I know this ugliness personally. I’ve tried to avoid contributing to it myself. Still, insignificant as I am in this matter, I’ve received some exceedingly nasty comments and have been harshly maligned for my stance on the matter at various places on the Web. I receive vicious anonymous emails on most days for my religious views, and, for my defense of the Restoration, am demonized on more websites than I can count. But some of the recent attacks have been politically motivated.
Fortunately, I have a thick skin. Or, if you prefer, I lack empathy, am impervious to reason, and am past feeling. Some of those who write to me — and some who have written to me several times each week for many years now — would, I think, be both shocked and deeply disappointed to realize how little their attempts to wound me actually hurt. On the whole, I simply find them very, very odd.
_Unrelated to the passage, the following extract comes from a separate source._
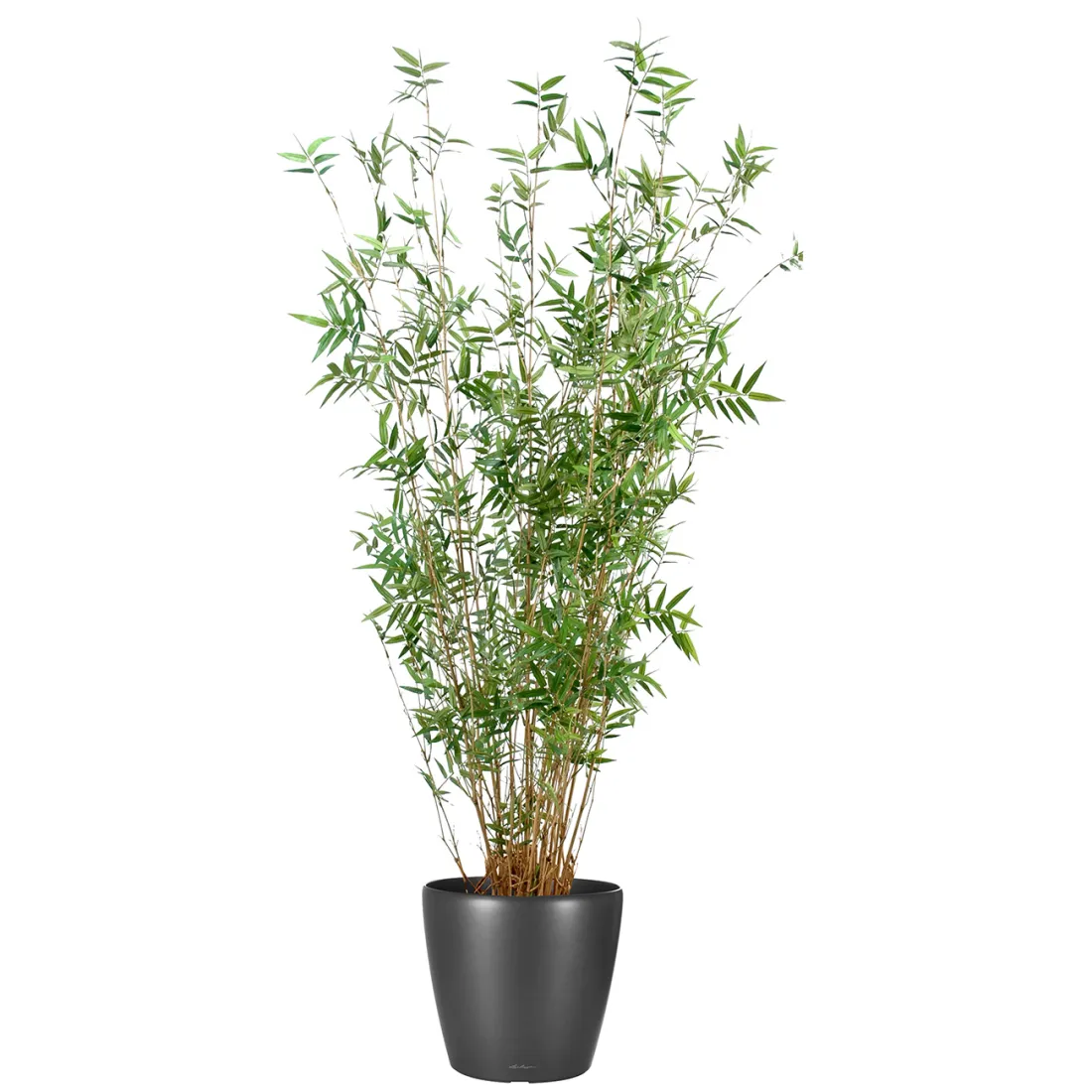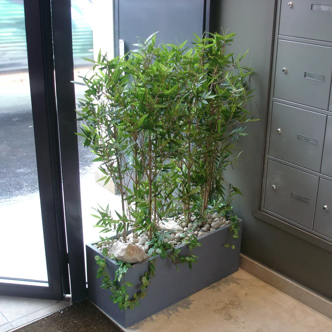 Bambou artificiel à plusieurs tiges fines. Feuillage fixe et léger (plantes artificielles). Un vaste choix de hauteurs est proposé pour cet arbre artificiel, allant de 100 à 220 cm. Livré dans un support plastique esprit conteneur.

Some such folks are, probably, pretty much beyond fixing. I can’t imagine what sort of curious personality defects would motivate a person to email anonymous obscene insults to somebody else for the better part of a decade. It just seems unfathomably weird to me, and, frankly, not very interesting.
“If I were to try to read, much less answer, all the attacks made on me, this shop might as well be closed for any other business. I do the very best I know how — the very best I can; and I mean to keep doing so until the end. If the end brings me out all right, what’s said against me won’t amount to anything. If the end brings me out wrong, ten angels swearing I was right would make no difference.” The Inner Life of Abraham Lincoln: Six Months at the White House by Francis B. Carpenter (Lincoln, Nebraska, University of Nebraska Press, 1995), pp. 258-259.
But normal, decent people must now work hard to prevent our society from sinking deeper still into the horrifying kind of political discourse — if we dare call it that — that has engulfed Washington DC during the Kavanaugh hearings.
Abraham Lincoln led this nation through a crisis that was considerably worse than that occasioned by the Brett Kavanaugh nomination.
“We are not enemies, but friends. We must not be enemies. Though passion may have strained, it must not break our bonds of affection. The mystic chords of memory, stretching from every battlefield and patriot grave to every living heart and hearthstone all over this broad land, will yet swell the chorus of the Union, when again touched, as surely they will be, by the better angels of our nature.” Lincoln’s First Inaugural Address, March 4, 1861.
That is what he said. That is what Abraham Lincoln said.